Fraenkel Gallery is pleased to present an exhibition of new photographs by the British artist Idris Khan. Khan is most recognized for his multi-layered photographs that draw from sources as wide-ranging as musical scores, literary texts, and the history of art and photography. While his photographs pay homage to the originals, something entirely new emerges in the process. Approximately thirteen new photographs will be on view.

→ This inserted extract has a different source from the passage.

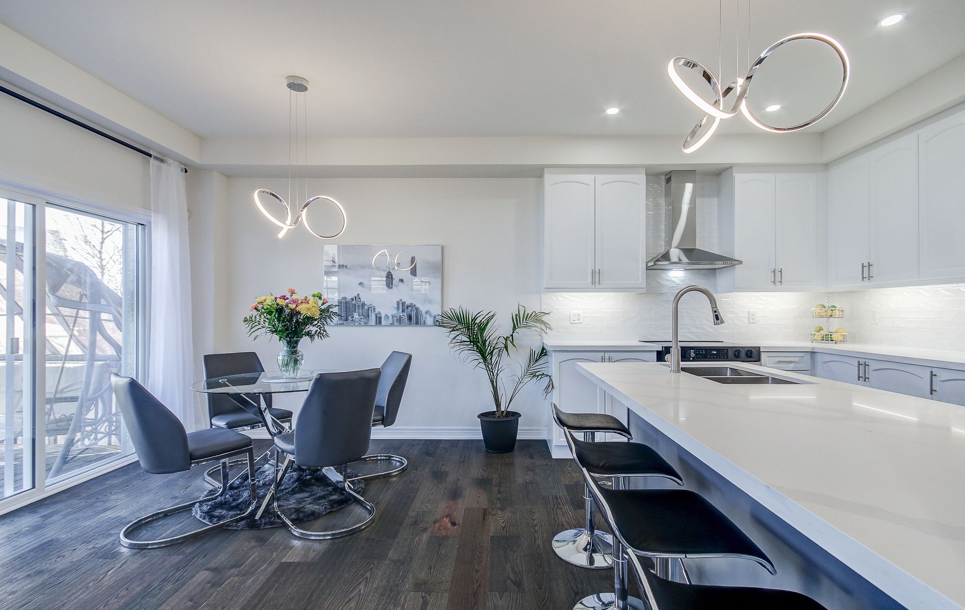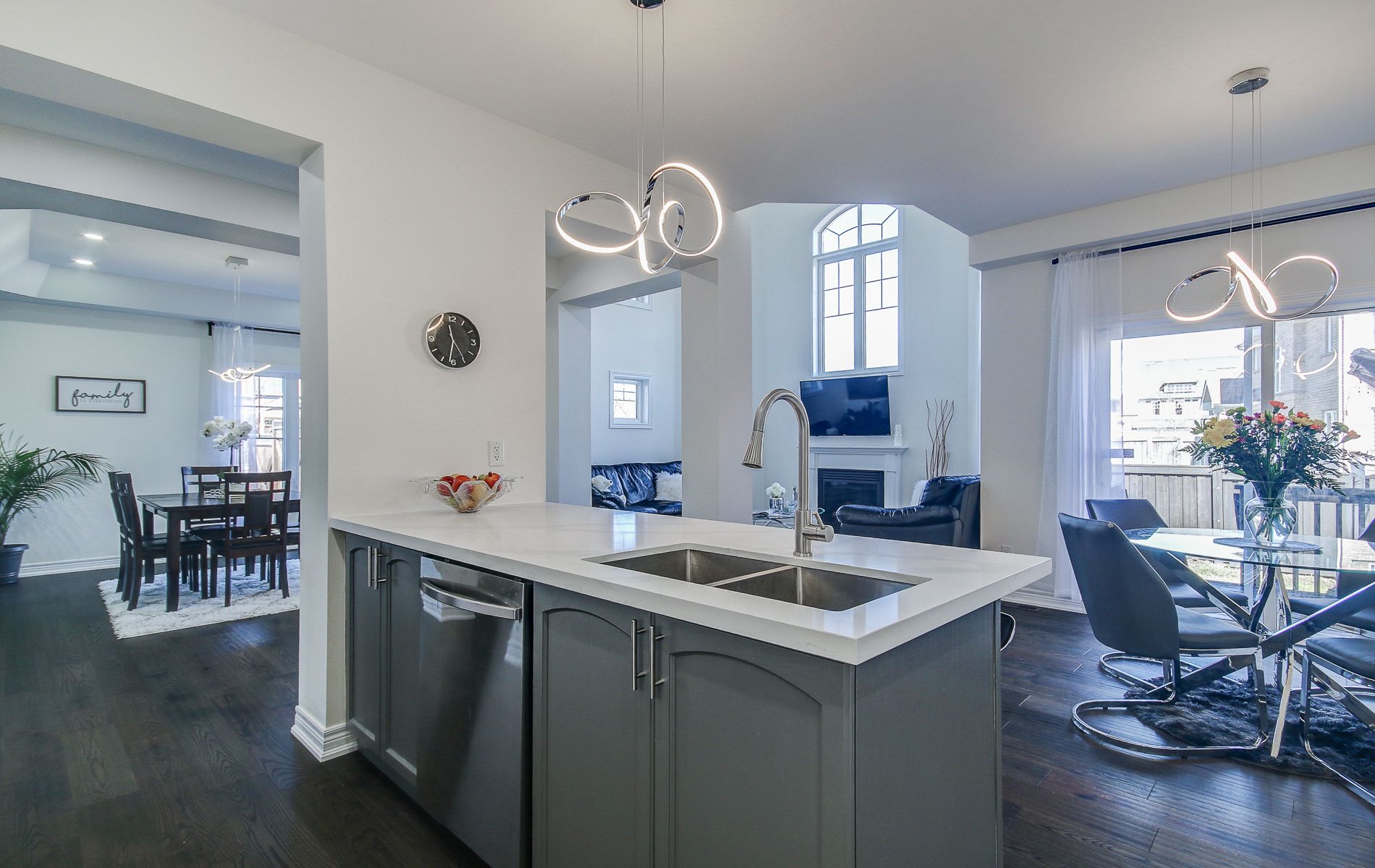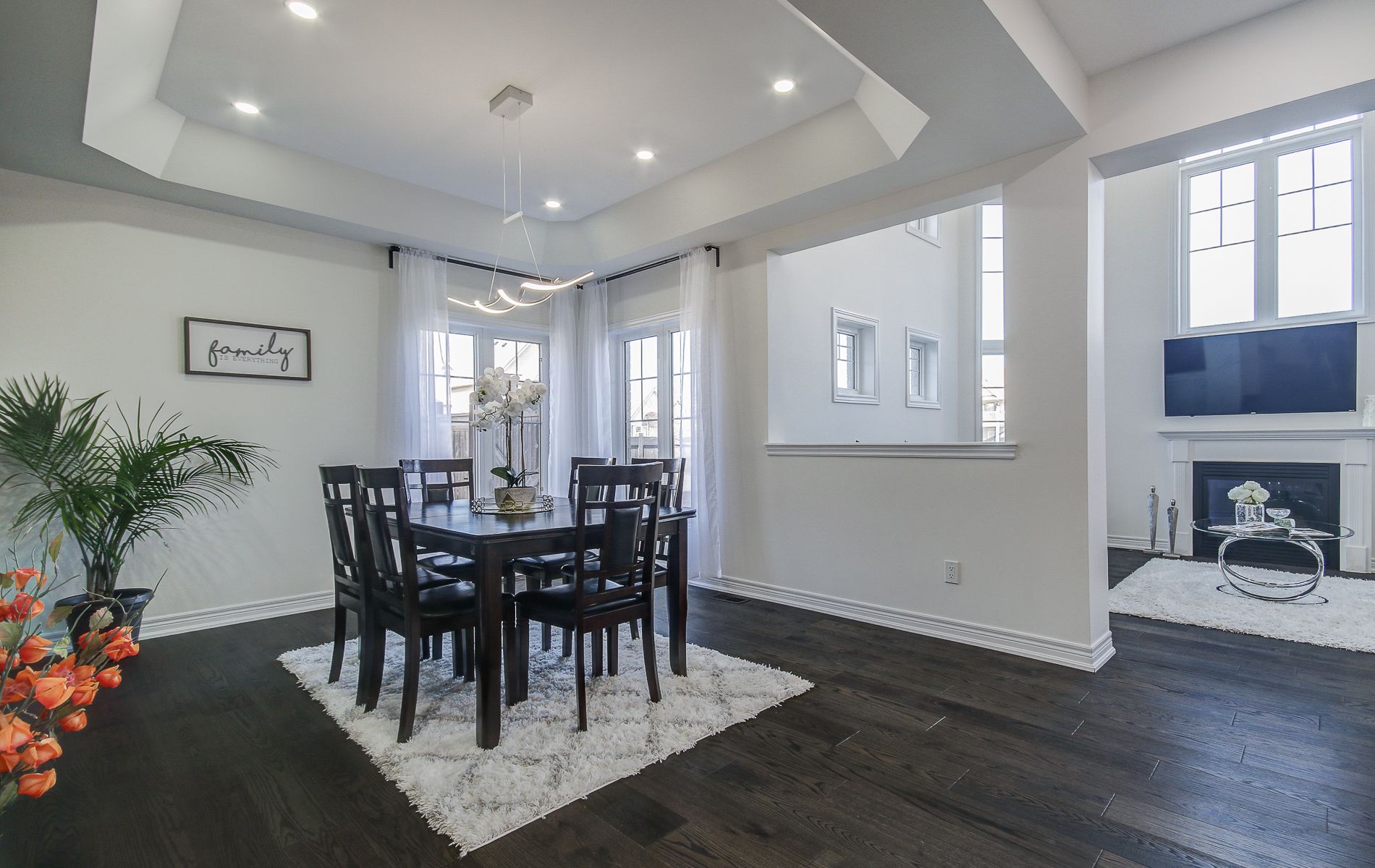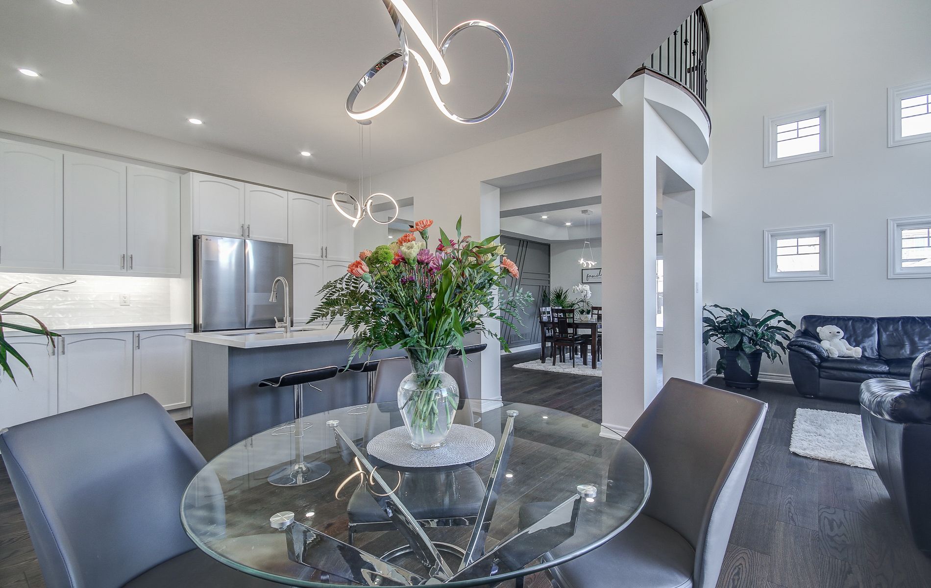 Welcome to this stunning over 3700 sq ft of living space, fully renovated detached home; 4+2 bedrooms, 4 bathrooms, 2 kitchens offering an ideal blend of modern upgrades & functional living spaces. With 4 spacious bedrooms + 2 additional bedrooms in the professionaly finished basement, this home is perfect for growing families or those looking for extra space. The open concept design on the main floor features 9-ft ceilings, with soaring 17-ft ceilings in the family room, creating an airy and inviting atmosphere. High-end finishes throughout include accent walls, sleek quartz countertops in the kitchen and all bathrooms, upgraded 2025 engineered floors that flow seamlessly throughout the home. The large kitchen is a chef's dream, with ample storage, huge breakfast bar, a modern 2 colour cabinets, quartz counter-tops, ceramic backsplash, 2025 stainless steel appliances. This home also features flat ceilings with pot-lights throughout, adding a contemporary touch. The main floor includes a laundry room with built-in shelving and a convenient quartz counter. The upgraded bathrooms offer a luxurious experience with modern fixtures and finishes. For cozy evenings, enjoy the warmth of gas fireplace in the family room or additional fireplace in the recreational room that add character to the living spaces. The professionally finished basement provides additional living space with two additional bedroom, large rec room and a 2nd modern kitchen, all with the potential for a separate entrance, making it ideal for multi-generational living or an income-generating suite. Other highlights include fresh paint, modern light fixtures and ample storage throughout the home. This property offers a blend of modern design, functionality, and potential, making it the perfect place to call home. Don't miss this impressive home in a peaceful, private community just minutes to the beaches of lake simcoe and the award winning briars resort.

Khan has consistently mined the history of art and literature for inspiration and source material. In this new body of work, a simple documentary photograph—Cy Twombly’s own snapshot of an unfinished blackboard painting in his studio in the 1960s—is his point of departure. Inspired by this photograph, Khan built a large chalkboard in his studio and documented the process of creating his own images triggered by Twombly’s famous scrawls and scribbles. The resulting accretion of moments depicts both the nearly-readable marks, as well as their immediate erasure, superimposed upon each other in numerous layers.
In previous works, Khan has referenced the Bechers, Turner, Beethoven, and Rembrandt, among others; here he draws additional inspiration from John Cage, Agnes Martin, childhood poems, and ritual texts from the Islamic hajj. In recent years, sculpture and drawing have played a more pronounced role in his artistic practice as he blends homage and appropriation with his own mark-making.